В это самое время Витька стоял в самом дальнем углу огромного магазинного зала, толком не помня, как он там очутился, и внимательно рассматривал массивный комод. Ему было неудобно за то, что усевшаяся на мягком диване мать в своем коротковатом пальто с цигейковым воротником и в накинутом поверх шалевом платке на фоне молоденькой продавщицы, одетой в черную обтягивающую юбку и кремовую блузку с кудрявым жабо, выглядела более чем нелепо. Кроме того, Витька почти признавался себе, что строгая молоденькая продавщица ему очень даже понравилась, но ее городской лоск и изящество страсть как не совмещались с доморощенной простоватостью и крестьянской домовитостью его матери.

Еще большие неудобства испытал Витька, когда мать расплачивалась за мебель на кассе и доставала из-за пазухи деньги, завернутые в лежалый носовой платок. При этом он заметил, что молоденькая продавщица смотрит в их сторону с явным интересом, но никак не мог угадать, на чем именно основан этот интерес — на симпатии лично к нему, Витьке, или на любопытстве к выделяющейся затрапезности его матери?

Потом Витька еще долго корил себя за то, что застыдился в магазине и сбежал.

«Ну что тут такого? Чего стыдиться? — успокаивал он сам себя. — Еще раз в этот магазин я вряд ли попаду и симпатичную продавщицу вряд ли увижу… А прибавят зарплату, куплю матери новое пальто или модную куртку. Сейчас многие ходят в куртках».

«И деньги матери за мебель обязательно отдам, скоплю и отдам» — продолжил свой внутренний монолог расстроенный Витька.

 

6

 

Когда мать через пару дней уезжала ночным поездом домой, случился с ней еще один казус — она никак не хотела брать в пользование постельное белье, которое так настойчиво навязывала мужиковатая проводница. Ночное пользование постельным бельем оценивалось в один рубль, и мать посчитала, что это дороговато.

— Зачем мне это белье? — объясняла она. — Всего-то одну ночку переспать…

Витьке было одновременно и неудобно, и жалко мать. Он уже почти воочию представлял, как она будет маяться всю ночь под тонким бумазейным одеялом, положив под голову колючую, без наволочки, подушку, из которой в разные стороны торчат (он видел сам) острые куриные перья. И чуть не заплакал от беспомощности и обиды.

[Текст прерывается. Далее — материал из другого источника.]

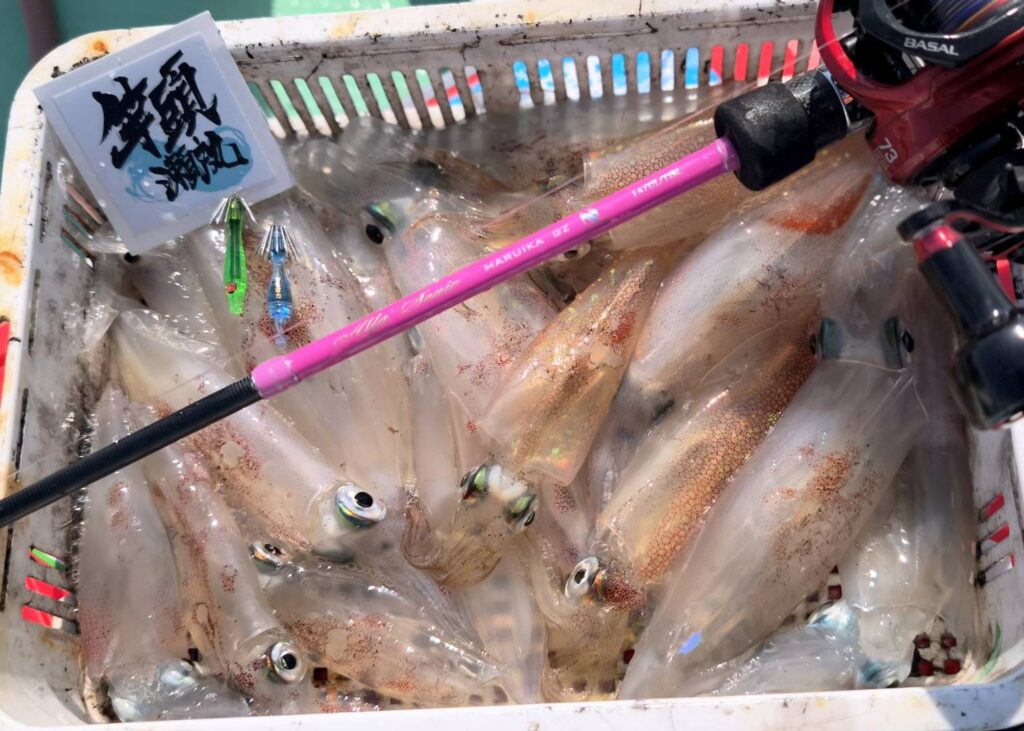 各メーカー様の新作スッテもリリースされ始め、いよいよアルファのニューロッドも発売されたので行ってきました剣崎江奈港『瀬戸丸』さん。平日でも12名の乗船とこの釣りの人気の高さを感じます!

Чтобы исправить неловкое положение, Витьке, провожавшему мать, пришлось прибегнуть к хитрости — он незаметно сунул проводнице злосчастный рубль и попросил ее сказать матери, что белье выдают бесплатно. Витька надеялся, что проводница так и сделает, а как на самом деле получилось, он не знал.

— Нет, все-таки хорошо, что на свете есть поезда, — думал Витька, стоя на перроне и провожая взглядом отъезжающий пассажирский состав. — Сел на поезд и, ни о чем не беспокоясь, оказываешься наутро в родных краях. И то, что повидались мы с матерью, тоже очень хорошо. А вот то, что за мебель ей самой пришлось заплатить, наоборот, очень плохо.

И Витька опять загрустил…

А ровно через неделю от матери пришло письмо, но почему-то на этот раз оно было короткое, как телеграмма.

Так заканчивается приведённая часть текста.